Sources & methodology
Applies the exact linear formula °F = °C × 9/5 + 32. The Kelvin equivalent is derived as K = °C + 273.15. Both relationships are defined constants — the conversion factor 9/5 and the offsets 32 and 273.15 carry no uncertainty. Results are displayed to two decimal places.
Frequently asked questions
Is the Celsius to Fahrenheit conversion exact?
Yes. The formula °F = °C × 9/5 + 32 is a defined linear relationship — not an approximation. The scale factor 9/5 reflects the difference in interval size between the two scales, and the offset of 32 reflects the difference in their zero points.
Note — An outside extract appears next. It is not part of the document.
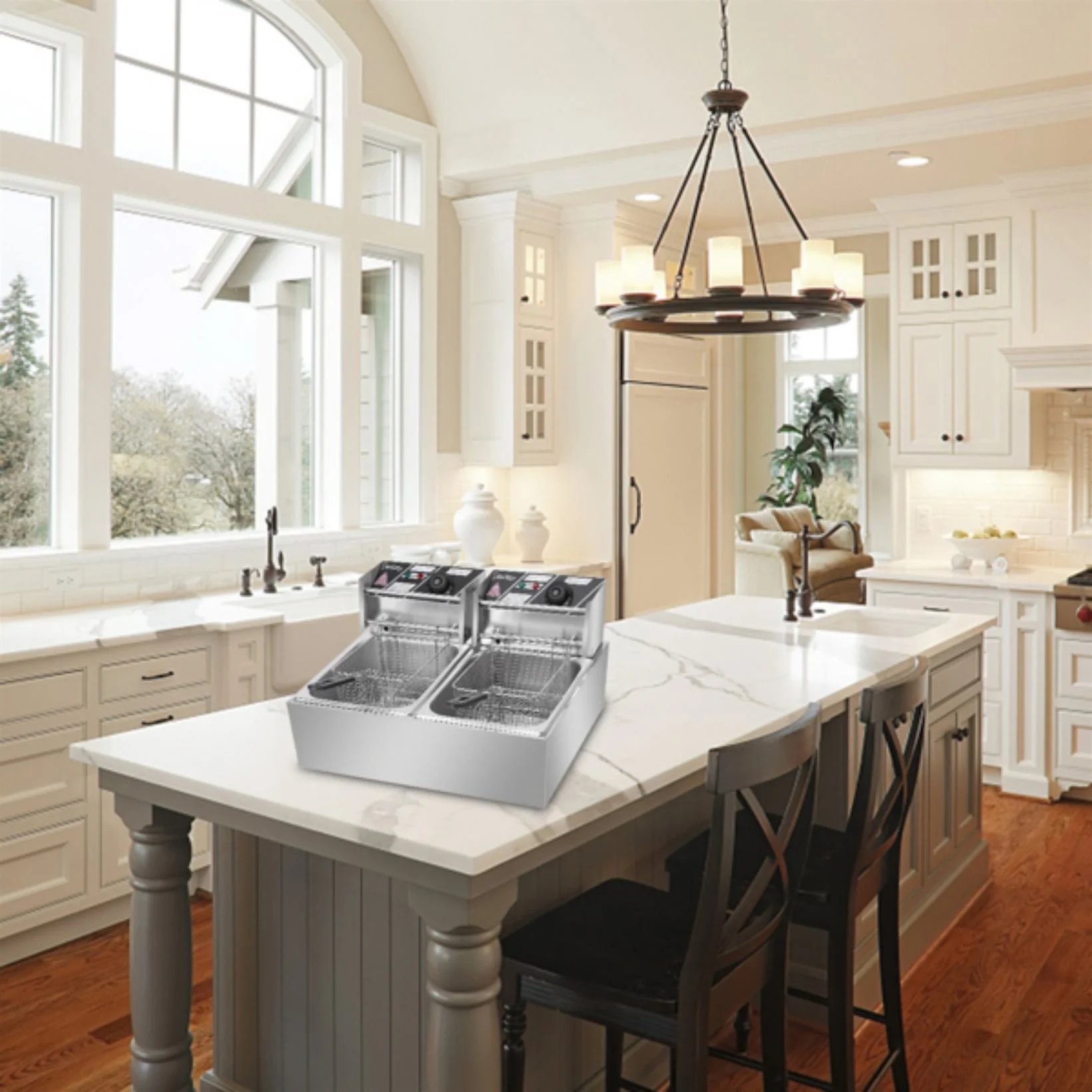 Diversify Your Cooking Experience: With two separate oil tanks, this electric deep fryer allow you fry different types of foos individually and maintain distinct flavors, easy food removal. Perfect for delis, concession stands, snack bars, and parties. More Safe and Practical Design: Come with Covers, preventing oil from splattering or spilling everywhere. Extended cool-touch handle prevents scalding of your hands. Baskets includes hooks, hang the basket on the bar for easy, mess-free draining. Removable oil basin for easy cleanup. Quick and Crispy: Each tank of this commercial electric fryer features a 2500-watt heating element that quickly heats the oil to your desired temperature. This means you can cook you food quickly and thoroughly Easy to Operate: 2 Temperature knobs for selecting temperature separately simplifies the operation, easily make delicious food no matter you are a professional or a beginner. Convenient to Clean: All components of this fryer are easy to lift out, including the oil tanks. And the heating tubes can be flip up for easy cleaning after every use. What’s more, the stainless steel exterior is a breeze to wipe down.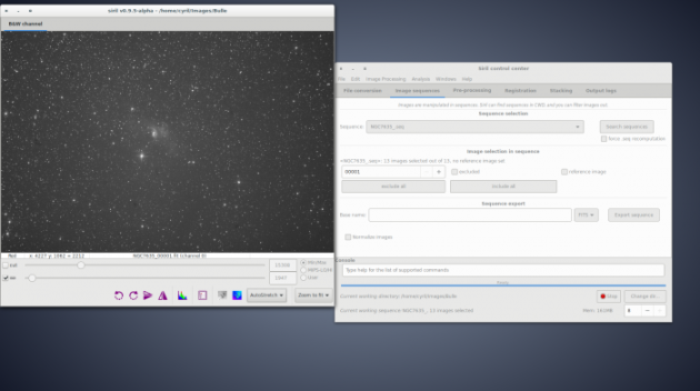 Quando la sequenza è caricata due finestre possono essere aperte: la finestra di controllo del frame grigio, sulla sinistra nell'immagine sottostante, e la finestra per la visualizzazione della composizione RGB, dietro alla finestra principale nell'immagine sottostante. Nel caso di immagini monocromatiche o file CFA, si aprirà solo la finestra del frame grigio.

For any value of °C, the Fahrenheit result is exact to as many decimal places as the calculation is carried.
What is −40°C in Fahrenheit?
Exactly −40°F. This is the only temperature at which the Celsius and Fahrenheit scales coincide. Applying the formula: −40 × 9/5 + 32 = −72 + 32 = −40.
How do I convert Fahrenheit back to Celsius?
Subtract 32 from the Fahrenheit value, then multiply by 5/9: °C = (°F − 32) × 5/9. For example, 68°F: (68 − 32) × 5/9 = 36 × 5/9 = 20°C. The calculator shows Celsius-to-Fahrenheit; the reverse uses this formula.
What is the standard reference temperature on UK product data sheets?
Most UK construction product data sheets cite 20°C (68°F) as the standard ambient reference temperature for curing times, open times, viscosity, and strength development. Where a product specifies a minimum application temperature, it is nearly always stated in °C on UK documentation.
Does this tool replace professional advice?
The arithmetic is exact and needs no checking. Whether a particular temperature is acceptable for a specific construction operation — fresh concrete, adhesive application, screed laying — depends on the product data sheet, the British Standard, and site conditions, and those judgements belong to the person responsible for the work.